If the error repeats, contact the JAWS team with the run ID and the error details so we can investigate HTCondor and site logs.

Key points

  • This error is not caused by your workflow or WDL script.

  • It is a transient HTCondor/site issue.

  • Resubmission almost always resolves the problem.

Data Access

How can I check the Cromwell execution for a run on a site that I don’t have access to, for example Tahoma? 🔗

If you want full access to the Cromwell execution folder, you need access to the compute cluster. However, for these cases, JAWS transfers data back to the input site. If you submitted a run from NERSC (e.g., perlmutter JAWS site) to the Tahoma cluster and don’t have access to Tahoma:

  • For successful runs: JAWS will automatically transfer the expected output files back to the input site (e.g., perlmutter). Use the jaws status command to find the path to the output directory:

    jaws status <run_id> | grep output_dir
    "output_dir": "<JAWS TEAMS DIRECTORY>/<USER>/<JAWS_RUN_ID>/<CROMWELL_ID>",
    
  • For failed runs: JAWS will not automatically transfer the entire Cromwell execution. Instead, it only transfers supplementary files, including the error.json, which can help debug the issue. To find the path to the output directory, use the jaws status command. If the error.json is insufficient for debugging, you can transfer the entire Cromwell execution task (note that JAWS only transfers the tasks that failed) using the following command:

    jaws download <run_id>
    

Why doesn’t JAWS copy the entire Cromwell execution for successful/failed runs?

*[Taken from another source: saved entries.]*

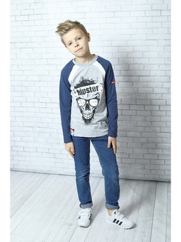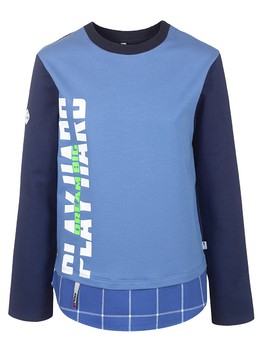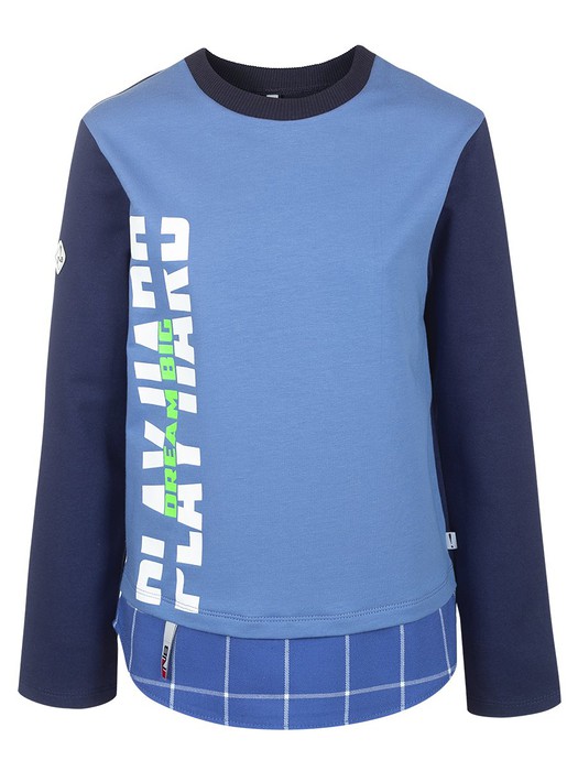 Свитшот для мальчика из футера и ткани в клетку/синий
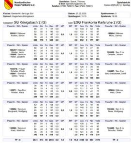 Walter fand sehr schnell zu seinem Spiel und erzielte auch ein achtbares Ergebnis, jedoch tat es ihm sein Gegner gleich (nur ein wenig besser) – darum ging der SP an Königsbach. Der zweite Durchgang war spannend bis zum letzten Wurf – sie entschieden sich zur Punkteteilung. Bei Walter ging es nun weiter bergauf – im Gegensatz zu seinem Gegner. Walter holte sich den dritten Durchgang klar. Dies übertrug sich auf die letzte Bahn. Nachdem die Spannung weg war, ging es nur noch um das Ergebnis – leider war nun bei Walter die Luft raus und er verpasste ein Topergebnis – zum MP und zum Sieg reichte es in jedem Fall.
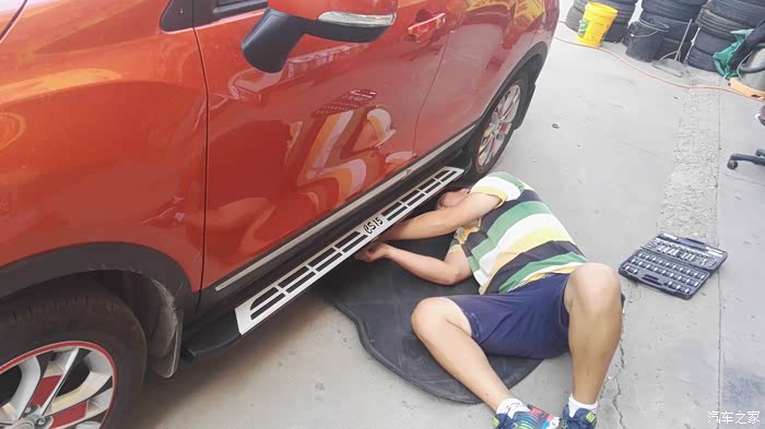 像挡泥板,晴雨挡,轮毂贴纸这些小东西都弄上了,看着还行,但是总觉得缺点什么,缺点什么呢???对着爱车想了半天,想起来了,咱这是SUV呀,SUV怎么能没有侧踏板呢?想到就做,先禀告夫人,把自己的想法跟夫人原原本本的说一遍,然后又经过夫人的一顿批评教育,最终夫人还是同意了我的请求

To prevent unnecessary data movement, JAWS does not automatically copy the entire Cromwell execution for successful runs. Some workflows generate terabytes of data with many intermediate files, and transferring all data would be inefficient. Only the output files specified in the output stanza are copied. For failed runs, JAWS does not copy the entire Cromwell execution by default either. Sometimes, runs fail due to simple system errors, and the error.json file is sufficient to debug the issue.

Known Limitations

Outputs outside the cromwell-execution/execution/ directory 🔗

When using JAWS, there are some limitations related to output file handling that users should be aware of. Example Workflow:

version 1.0

workflow example {
  call dump { }
  output {
    File log = write_lines(['foo'])
  }
}

task dump {
  command <<<
    echo
  >>>
  runtime { docker: "debian:bullseye-slim" }
}

Issue Description

JAWS is unable to identify any outputs outside the cromwell-execution/execution/ directory to transfer to the JAWS Teams directory. For example, if a file is created in the /tmp directory, JAWS will not be able to recognize and transfer it, as shown in the example above.

Similarly, if a user identifies a file from the inputs folder as a final ouput, JAWS will also be unable to copy it.

Workaround

To ensure that JAWS correctly identifies and transfers the output files, you should:

  • Save the string to a file and in the outputs stanza of your workflow.

  • Explicitly copy the final outputs files to cromwell-execution/execution/ directory.

Here’s how you can adjust the example workflow:

version 1.0

workflow example {
  call dump
  output {
    File log = dump.log
  }
}

task dump {
  command <<<
    echo foo > out.log
  >>>
  output {
    File log = "out.log"
  }
  runtime {
    docker: "debian:bullseye-slim"
  }
}

By following this approach, you ensure that all output files are correctly saved within the cromwell-execution/execution/ directory and are explicitly defined, allowing JAWS to identify and transfer them back to the user without issues.